Beside the guard hut he could see the elephant moving around, anxiously circling the pole to which it was chained. The sight of the calf reminded Chopra of the extraordinary fact that he was now the owner of this beast–all thanks to his Uncle Bansi… Of course! The letter! Until now he had completely forgotten about it.
Chopra crept back into his bedroom, retrieved the letter from the pocket of his uniform and then retreated to his study.
He switched on his desk lamp, slipped his reading glasses onto his nose, and began to read.
‘Dear Krishna,’ began Uncle Bansi. (Chopra smiled. His beloved Uncle Bansi had called him Krishna ever since the incident when, as a precocious ten-year-old, Chopra had been caught spying on the village maidens as they bathed in the river.
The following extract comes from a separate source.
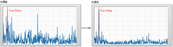 声网延迟估计算法通过降低信号之间的相关性(de-correlate),能够有效抑制 local maxima 的值以大大增强算法的鲁棒性。如下图所示,左边是原始信号之间的互相关,右边是声网SDK处理后的互相关,可见信号的预处理大大增强了延迟估计的鲁棒性:
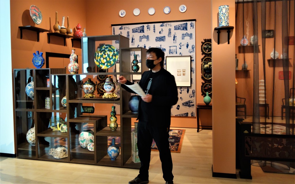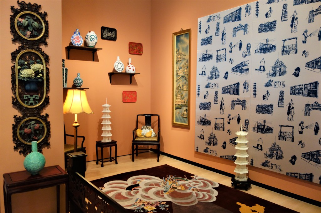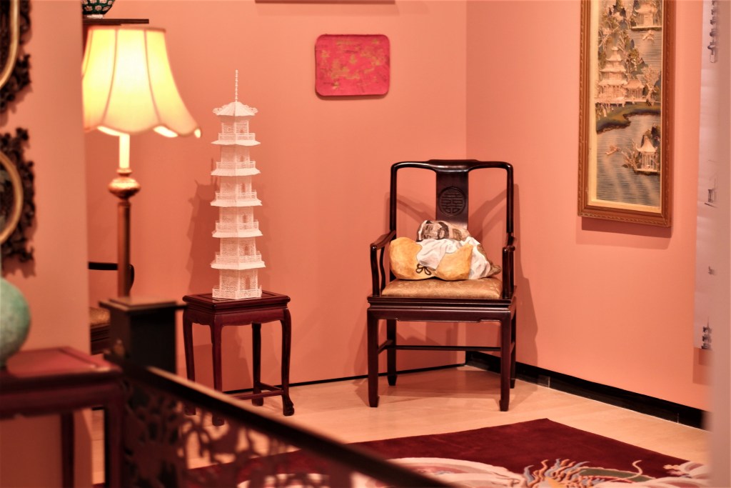 Par la suite, cette visite nous mène à la superbe installation Le Salon chinois – White Gold oeuvre de l’artiste Montréalaise Karen Tam. Elle est impressionnante à regarder et elle est d’ailleurs mon coup de coeur de l’exposition. Installation grandiose, elle démontre l’engouement pour nous occidentaux envers la porcelaine chinoise communément appeler l’or blanc.

The young Lord Krishna has been renowned for teasing river-frolicking maidens, often making off with their butter churns and breaking their water pots.) ‘I know that I have not been in touch with you for many years, but I wish now to ask of you a great boon. I do not have much time left, and must make the necessary arrangements. Soon after you receive this letter, there will arrive at your home an elephant. It is my request that you take in and care for this elephant. It is a newborn, not yet a year old. If I were to tell you the circumstances by which this elephant entered the world you would not believe me, at least not yet. Let me say only this to you: this is no ordinary elephant. Remember, what is real and what is maya, illusion, is only a matter of perspective. Your Uncle Bansi.’
It was a strange letter, thought Chopra, but then Bansi, his father’s elder brother, had always been a strange man.
Chopra’s father had lo
ved Bansi dearly, that much he knew, and had taken great enjoyment in regaling the young Chopra with stories of his uncle, each improbable tale only adding to Bansi’s legend.
One thing Chopra had established as fact: as an infant, Bansi had fallen into the basket of a travelling snake-charmer. To the astonishment of all he had emerged from the basket completely unscathed.
From that day forth it became a matter of local lore that Bansi shared a special affinity with animals. Perhaps it was a self-fulfilling prophecy, but as time went by Bansi did indeed prove to have a way with the creatures that shared man’s world. He even claimed to be able to talk to them, although all but the most credulous of village folk found this hard to believe.
On the morning of his eighteenth birthday Bansi vanished from the village.
He did not return for ten long years, by which time everyone had decided that he must have long since perished.
When he returned he was almost unrecognisable. His hair had become prematurely white, he had grown a long knotted beard down to his belly, and his eyes seemed to hold things that ordinary men could not begin to imagine.
But beneath this alarming transformation, Bansi’s family and friends soon discovered that he was largely the same boy who had left the village all those years ago–a mischievous and intelligent rascal.
This was the period during which Chopra, then a very young boy, had got to know his itinerant uncle.
Bansi had taken him under his wing, and would abscond with him on his frequent walks around the village. They often circled out to the neighbouring hamlets where he was already becoming well known as a sadhu, a man whose blessings were to be sought; in return there would always be a treat, a parcel of jaggery or a rod of sugarcane, which Bansi, ever the generous soul, would share with his nephew.
Chopra recalled now the way his uncle would mutter strange incantations at the behest of some credulous farmer, fluttering his eyelids and hamming it up, much to the awe of his audience. ‘They appreciate the theatre,’ his uncle would tell him afterwards, with a grin on his face. ‘Of course, this doesn’t mean that such things don’t exist. The great mysteries of the cosmos are everywhere around us, seeded into the land, into the sky, into the air we breathe; all we have to do is open our senses to them.’